The full listing, exactly as written and with no images, is the expected output.

++++++

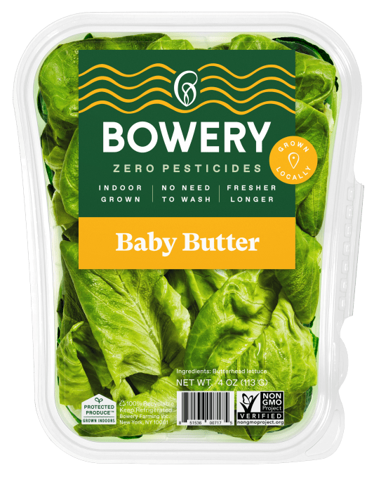 Bowery’s design doesn’t scream “vertical farming.” You get the company’s name in big, bold letters, followed by “zero pesticides” and “grown locally.” The words “indoor grown” offer some insight, but in a world where many have at least set foot inside a greenhouse, the phrase could mean any number of things. The remainder of the notes, “no need to wash,” “fresher longer” and “non-GMO” are standard fare for the produce section.
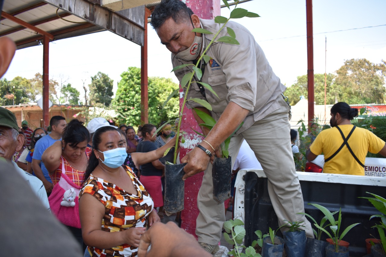 En la plaza techada de esa comunidad rural se inició la entrega de plantas como canela, orégano, pimienta y palmarecas, así como de árboles frutales como guayaba, guanábana y aguacate, entre otras, que fueron distribuidas a los habitantes gracias a una acción coordinada entre el Ayuntamiento que preside Rosa Irene Urbina Castañeda, el Distrito Sanitario VII y la Subsecretaría de Desarrollo Forestal del Gobierno del Estado de Chiapas.
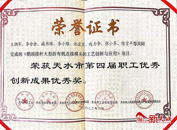 新天水讯 8月30日,天水锻压集团第二联合分厂天水市劳模陈宝平领衔的团队陈宝平劳模创新工作室被命名为天水市第四批示范性劳模(工匠)创新工作室,实业协作贸易创新组被命名为天水市第三批创新型班组。王拥军、李含余等人完成的“鹅颈接杆大型折弯机连接模头的工艺创新与应用”项目荣获天水市第四届职工优秀创新成果优秀奖。
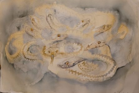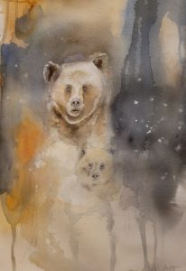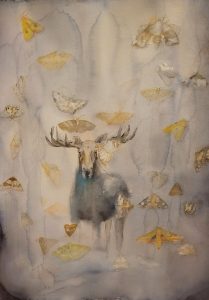 Maaliskuun alussa päättyi Porin luontotalo Arkissa esillä ollut näyttely Hirvistä hiisiin. Osallistuin näyttelyyn muutamilla maalauksilla myyttisistä eläimistä. Myin tauluista kaksi näyttelyn aikana, ja loput maalaukset palautuivat tänään Helsinkiin. Nekin löytyvät nyt TILA gallerian takahuoneesta.
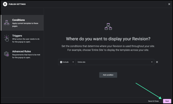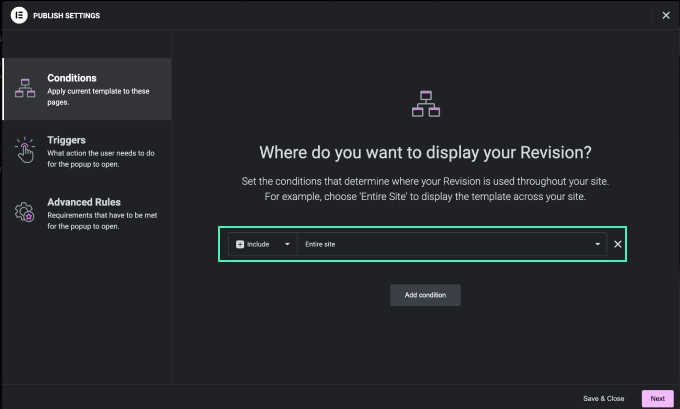 - Make sure the condition is set to Include Entire Site.
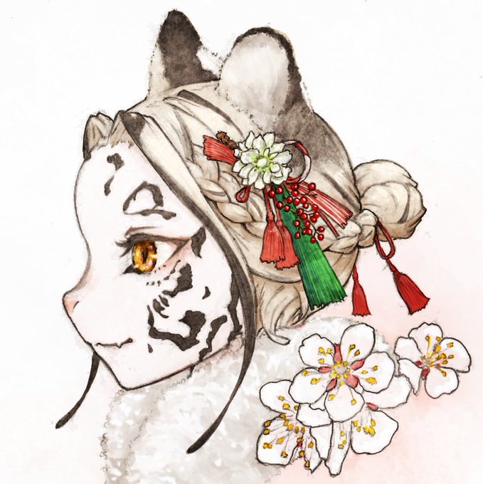 最近描けてないけど、年始に描いたこの子、すごく気に入ってる 耳とかフワフワに描けた(当社比)
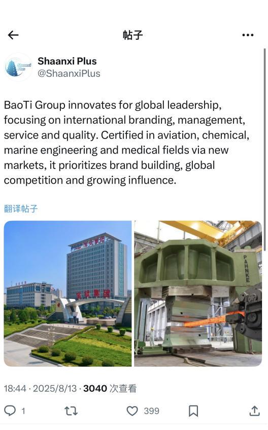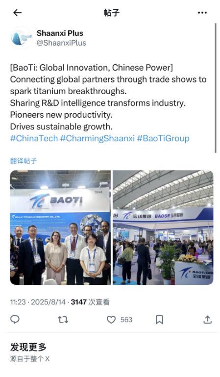 從行業(yè)展會到客戶走訪,寶鈦集團始終以開放姿態(tài)鏈接全球創(chuàng)新資源。其與海內(nèi)外同行深度交流鈦材創(chuàng)新應用,共探未來趨勢,將分散的技術(shù)火花聚成燎原之勢。通過分享最新研發(fā)成果與市場洞察,寶鈦集團不僅加速自身技術(shù)突破,更推動全球鈦產(chǎn)業(yè)轉(zhuǎn)型升級。借助協(xié)同創(chuàng)新,寶鈦集團整合全球智慧,在新質(zhì)生產(chǎn)力培育中走在前列。創(chuàng)新無邊界,寶鈦集團正以全球視野,為鈦產(chǎn)業(yè)的可持續(xù)發(fā)展注入源源不斷的中國智慧。
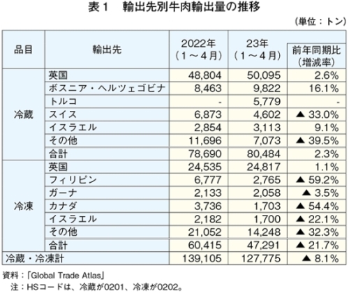 2023年1〜4月の牛肉輸出量は、前年同期比8.1%減の12万7775トンとかなりの程度減少した(表1)。欧州委員会は前述の見通しの中で、23年の牛肉輸出量は、供給量の減少を背景とした牛肉価格の高止まりで価格競争力が低下することにより、49万トン(前年比5.0%減)とやや減少すると見込んでいる。
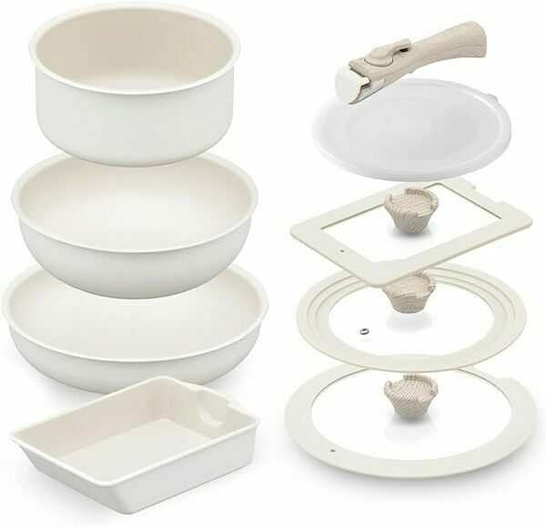 取っ手が外せるので、そのまま食卓へ出したり保存したりできるほか、ガラスふたの溝には菜箸などを置くことが可能です。また、重ねて収納できるため、省スペースで整理できますよ♪
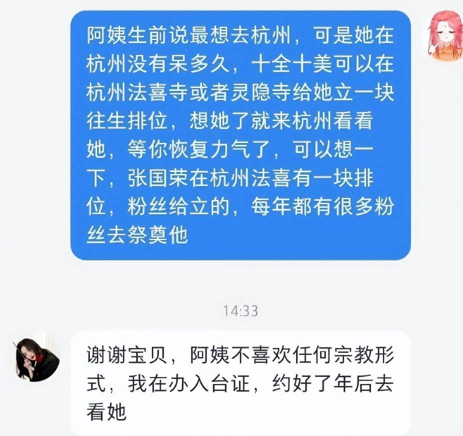 李晟随后也回复了网友的建议,她表示琼瑶不喜欢这样的方式,所以自己不会在内地给她设立什么往生牌位,不过李晟同时也表示,自己已经和几个人约好了,大家现在都在办理入台证,打算在年后去台湾祭拜琼瑶。
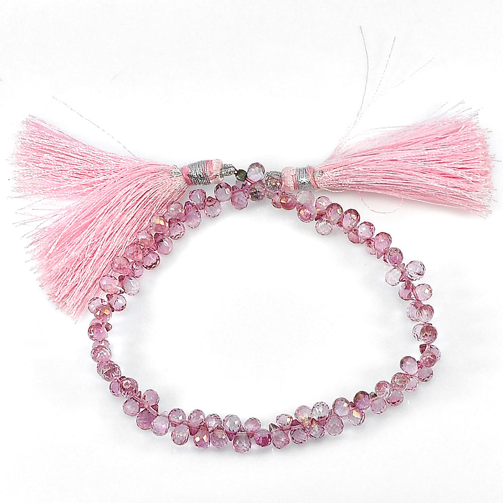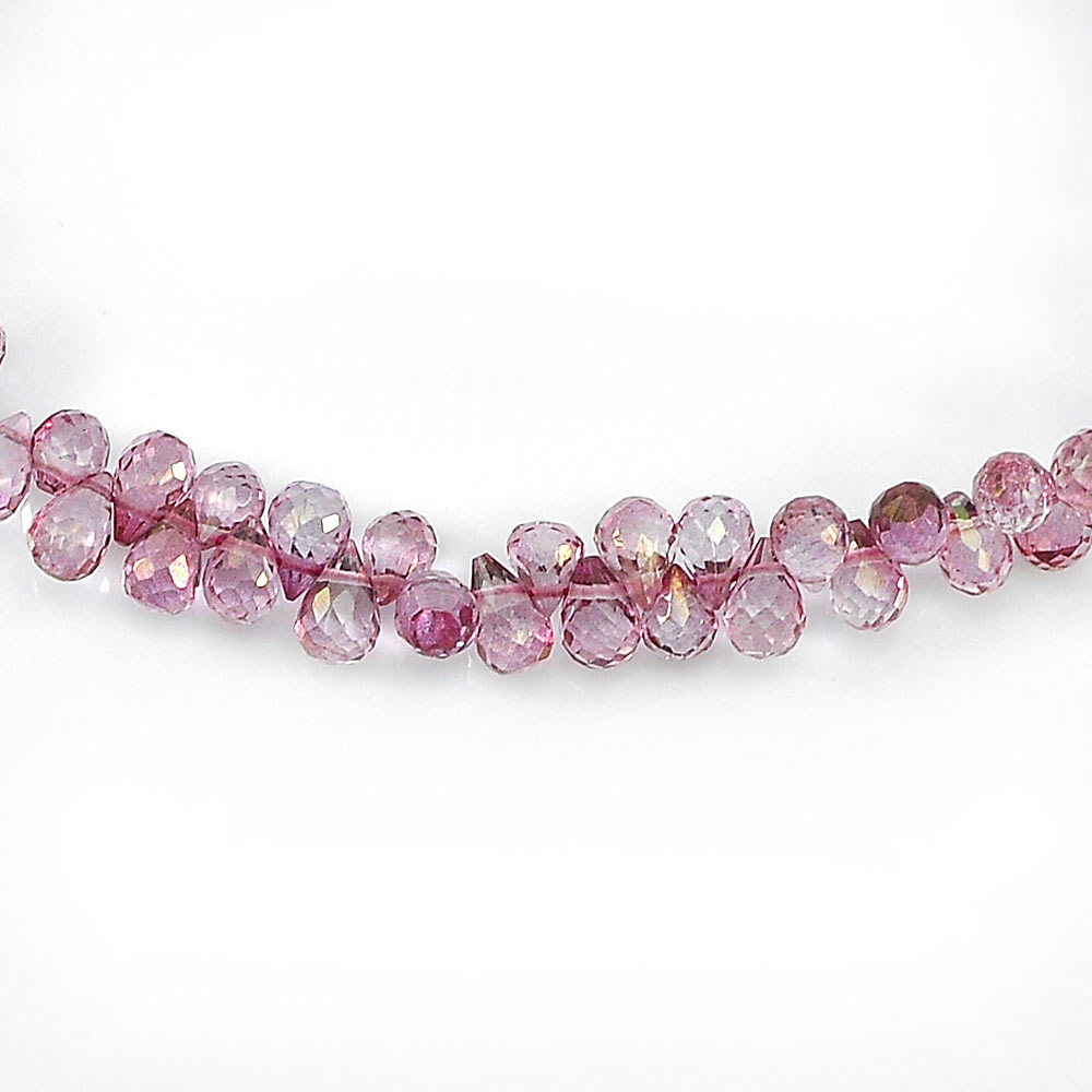 68.75 Ct. Briolette Shape Natural Pink Topaz Beads Length 8 Inch 6.7 x 3.8 Mm.
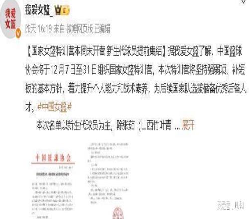 这消息还没消化完,才过了三天,12月4号,圈内知名的媒体人又爆了个猛料:中国篮协要组织国家女篮特训营,张子宇赫然在列,而且,还是以领衔的身份!
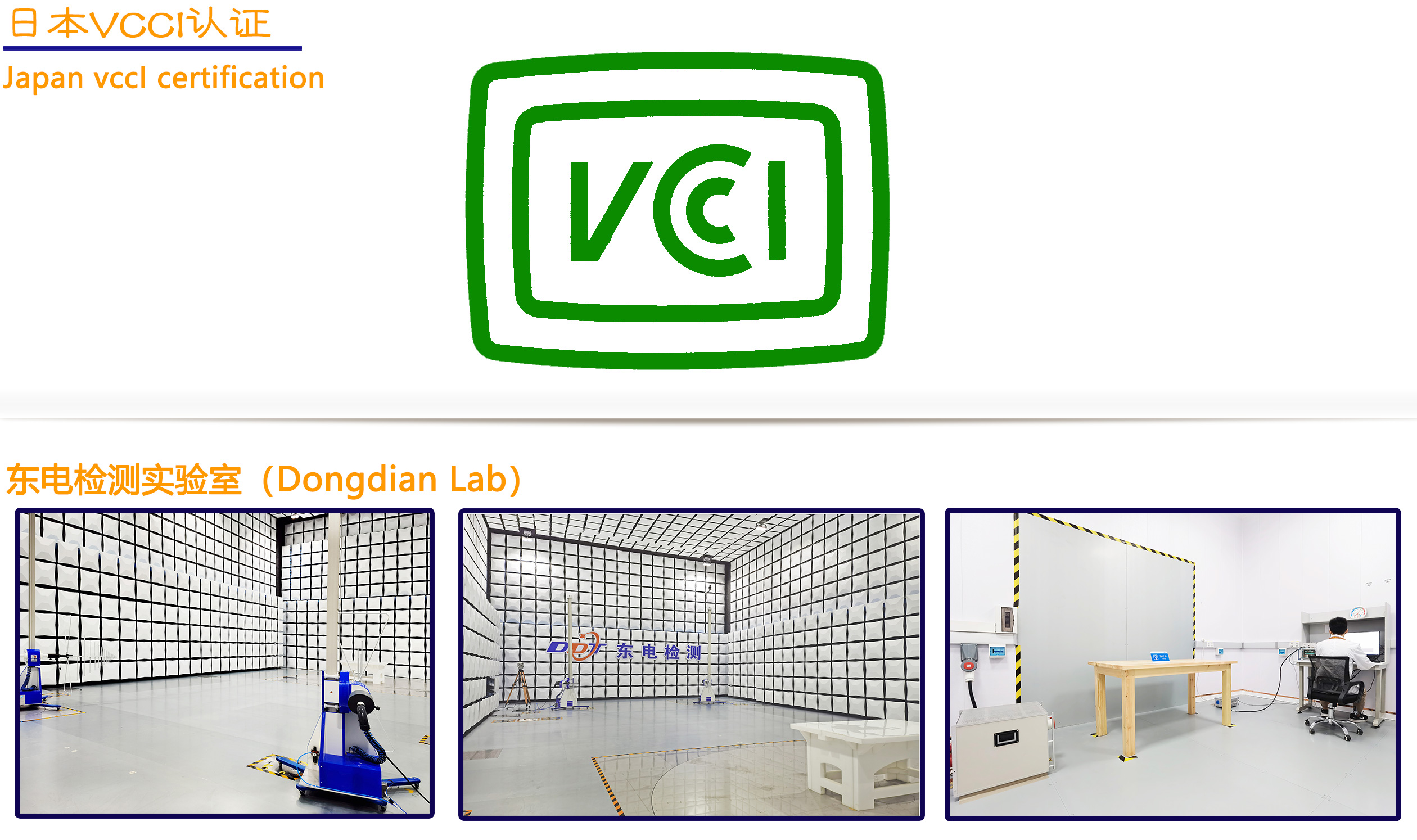 VCCI 是日本的电磁兼容认证标志,由日本电磁干扰控制委员会 (Voluntary Control Council for Interference by Information Technology Equipment) 管理, VCCI 认证是非强制性的,但是在日本销售的信息技术产品,一般会被要求进行 VCCI 认证。制造商首先应申请成为 VCCI 的成员,才可以使用 VCCI 标志。为了获得 VCCI 的认可,所提供的 EMI 测试报告必须由 VCCI 注册认可的测试机构签发。日本没有抗扰度方面的标准。
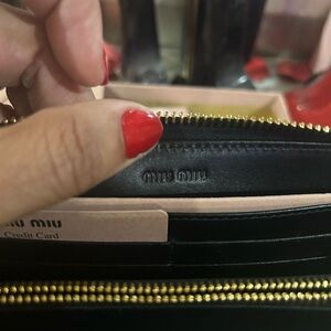 Chic Miu Miu wallet with textured design. Features a sleek black and gray color scheme. Perfect for stylish organization.
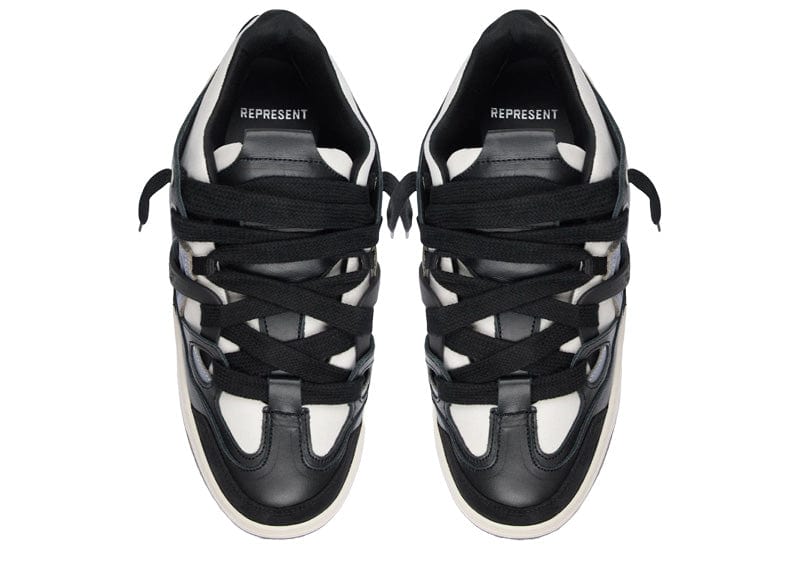 Get ready to skate in style with the Represent Bully Sneaker Black White! This retro-inspired sneaker features a ballistic nylon mesh upper with leather and suede overlays, and Represent's iconic logo on a TPU exoskeleton. A padded collar and chunky lacing add to the fierce aesthetic, while the two-tone outsole provides ultimate comfort.
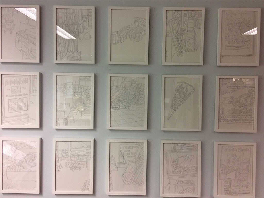 Beide Künstler beschäftigten sich mit den Dingen im Sammlungsbestand des Museums und präsentieren diese mit ihren künstlerischen Mitteln ganz anders, als in einer klassischen kulturhistorischen Patrick Borchers erstellte Zeichnungen und Videos, die auf den Ausstellungsort abgestimmt wurden. Matthias Beckmann hat sich in seinen Zeichnungen genau mit dem Ort „Museum der Stadt Lünen“ auseinandergesetzt.
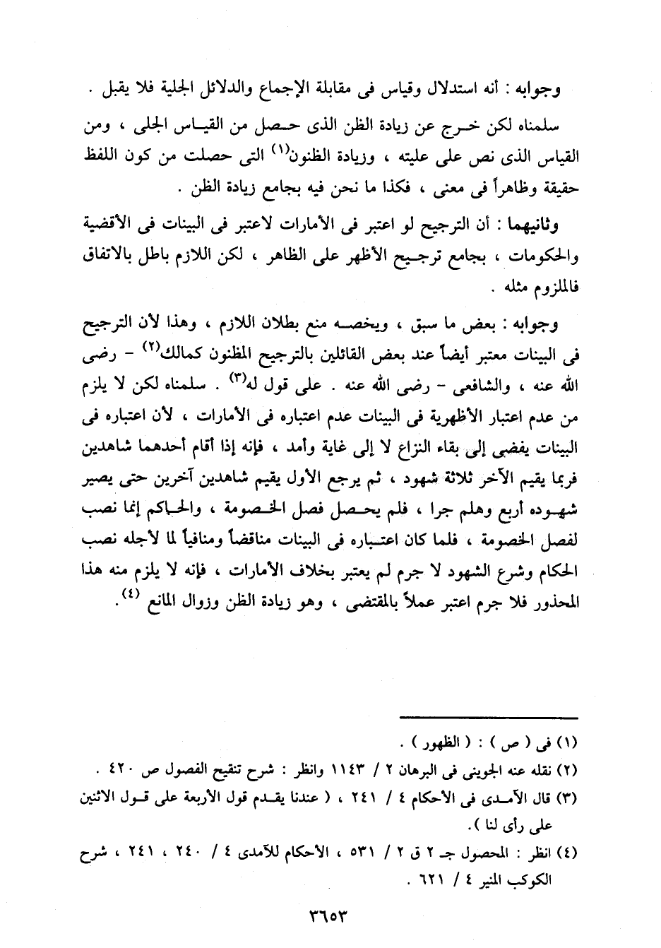 وجوابه: بعض ما سبق، ويخصه منع بطلان اللازم، وهذا لأن الترجيح في البينات معتبر أيضًا عند بعض القائلين بالترجيح المظنون كمالك- رضى الله عنه، والشافعي- رضى الله عنه. على قول له. سلمناه لكن لا يلزم من عدم اعتبار الأظهرية في البينات عدم اعتباره في الأمارات، لأن اعتباره في البينات يفضي إلى بقاء النزل لا إلى غاية وأمد، فإنه إذا أتام أحدهما شاهدين فربما يقيم الأخر ثلاثة شهود، ثم يرجع الأول يقيم شاهدين آخرين حتى يصير شهوده أربع وهلم جرا، فلم يحصل فصل الخصومة، والحاكم إنما نصب لفصل الخصومة، فلما كان اعتباره في البينات مناقضا ومنافيا لما لأجله نصب الحكام وشرع الشهود لا جرم لم يعتبر بخلاف الأمارات، فإنه لا يلزم منه هذا المحذور فلا جرم اعتبر عملاً بالمقتضى، وهو زيادة الظن وزوال المانع.

++++++

▶ OUTPUT OF THE EXERCISE:
 Bowery’s design doesn’t scream “vertical farming.” You get the company’s name in big, bold letters, followed by “zero pesticides” and “grown locally.” The words “indoor grown” offer some insight, but in a world where many have at least set foot inside a greenhouse, the phrase could mean any number of things. The remainder of the notes, “no need to wash,” “fresher longer” and “non-GMO” are standard fare for the produce section.
 En la plaza techada de esa comunidad rural se inició la entrega de plantas como canela, orégano, pimienta y palmarecas, así como de árboles frutales como guayaba, guanábana y aguacate, entre otras, que fueron distribuidas a los habitantes gracias a una acción coordinada entre el Ayuntamiento que preside Rosa Irene Urbina Castañeda, el Distrito Sanitario VII y la Subsecretaría de Desarrollo Forestal del Gobierno del Estado de Chiapas.
 新天水讯 8月30日,天水锻压集团第二联合分厂天水市劳模陈宝平领衔的团队陈宝平劳模创新工作室被命名为天水市第四批示范性劳模(工匠)创新工作室,实业协作贸易创新组被命名为天水市第三批创新型班组。王拥军、李含余等人完成的“鹅颈接杆大型折弯机连接模头的工艺创新与应用”项目荣获天水市第四届职工优秀创新成果优秀奖。
 Maaliskuun alussa päättyi Porin luontotalo Arkissa esillä ollut näyttely Hirvistä hiisiin. Osallistuin näyttelyyn muutamilla maalauksilla myyttisistä eläimistä. Myin tauluista kaksi näyttelyn aikana, ja loput maalaukset palautuivat tänään Helsinkiin. Nekin löytyvät nyt TILA gallerian takahuoneesta.
 - Make sure the condition is set to Include Entire Site.
 最近描けてないけど、年始に描いたこの子、すごく気に入ってる 耳とかフワフワに描けた(当社比)
 從行業(yè)展會到客戶走訪,寶鈦集團始終以開放姿態(tài)鏈接全球創(chuàng)新資源。其與海內(nèi)外同行深度交流鈦材創(chuàng)新應用,共探未來趨勢,將分散的技術(shù)火花聚成燎原之勢。通過分享最新研發(fā)成果與市場洞察,寶鈦集團不僅加速自身技術(shù)突破,更推動全球鈦產(chǎn)業(yè)轉(zhuǎn)型升級。借助協(xié)同創(chuàng)新,寶鈦集團整合全球智慧,在新質(zhì)生產(chǎn)力培育中走在前列。創(chuàng)新無邊界,寶鈦集團正以全球視野,為鈦產(chǎn)業(yè)的可持續(xù)發(fā)展注入源源不斷的中國智慧。
 2023年1〜4月の牛肉輸出量は、前年同期比8.1%減の12万7775トンとかなりの程度減少した(表1)。欧州委員会は前述の見通しの中で、23年の牛肉輸出量は、供給量の減少を背景とした牛肉価格の高止まりで価格競争力が低下することにより、49万トン(前年比5.0%減)とやや減少すると見込んでいる。
 取っ手が外せるので、そのまま食卓へ出したり保存したりできるほか、ガラスふたの溝には菜箸などを置くことが可能です。また、重ねて収納できるため、省スペースで整理できますよ♪
 李晟随后也回复了网友的建议,她表示琼瑶不喜欢这样的方式,所以自己不会在内地给她设立什么往生牌位,不过李晟同时也表示,自己已经和几个人约好了,大家现在都在办理入台证,打算在年后去台湾祭拜琼瑶。
 68.75 Ct. Briolette Shape Natural Pink Topaz Beads Length 8 Inch 6.7 x 3.8 Mm.
 这消息还没消化完,才过了三天,12月4号,圈内知名的媒体人又爆了个猛料:中国篮协要组织国家女篮特训营,张子宇赫然在列,而且,还是以领衔的身份!
 VCCI 是日本的电磁兼容认证标志,由日本电磁干扰控制委员会 (Voluntary Control Council for Interference by Information Technology Equipment) 管理, VCCI 认证是非强制性的,但是在日本销售的信息技术产品,一般会被要求进行 VCCI 认证。制造商首先应申请成为 VCCI 的成员,才可以使用 VCCI 标志。为了获得 VCCI 的认可,所提供的 EMI 测试报告必须由 VCCI 注册认可的测试机构签发。日本没有抗扰度方面的标准。
 Chic Miu Miu wallet with textured design. Features a sleek black and gray color scheme. Perfect for stylish organization.
 Get ready to skate in style with the Represent Bully Sneaker Black White! This retro-inspired sneaker features a ballistic nylon mesh upper with leather and suede overlays, and Represent's iconic logo on a TPU exoskeleton. A padded collar and chunky lacing add to the fierce aesthetic, while the two-tone outsole provides ultimate comfort.
 Beide Künstler beschäftigten sich mit den Dingen im Sammlungsbestand des Museums und präsentieren diese mit ihren künstlerischen Mitteln ganz anders, als in einer klassischen kulturhistorischen Patrick Borchers erstellte Zeichnungen und Videos, die auf den Ausstellungsort abgestimmt wurden. Matthias Beckmann hat sich in seinen Zeichnungen genau mit dem Ort „Museum der Stadt Lünen“ auseinandergesetzt.
 وجوابه: بعض ما سبق، ويخصه منع بطلان اللازم، وهذا لأن الترجيح في البينات معتبر أيضًا عند بعض القائلين بالترجيح المظنون كمالك- رضى الله عنه، والشافعي- رضى الله عنه. على قول له. سلمناه لكن لا يلزم من عدم اعتبار الأظهرية في البينات عدم اعتباره في الأمارات، لأن اعتباره في البينات يفضي إلى بقاء النزل لا إلى غاية وأمد، فإنه إذا أتام أحدهما شاهدين فربما يقيم الأخر ثلاثة شهود، ثم يرجع الأول يقيم شاهدين آخرين حتى يصير شهوده أربع وهلم جرا، فلم يحصل فصل الخصومة، والحاكم إنما نصب لفصل الخصومة، فلما كان اعتباره في البينات مناقضا ومنافيا لما لأجله نصب الحكام وشرع الشهود لا جرم لم يعتبر بخلاف الأمارات، فإنه لا يلزم منه هذا المحذور فلا جرم اعتبر عملاً بالمقتضى، وهو زيادة الظن وزوال المانع.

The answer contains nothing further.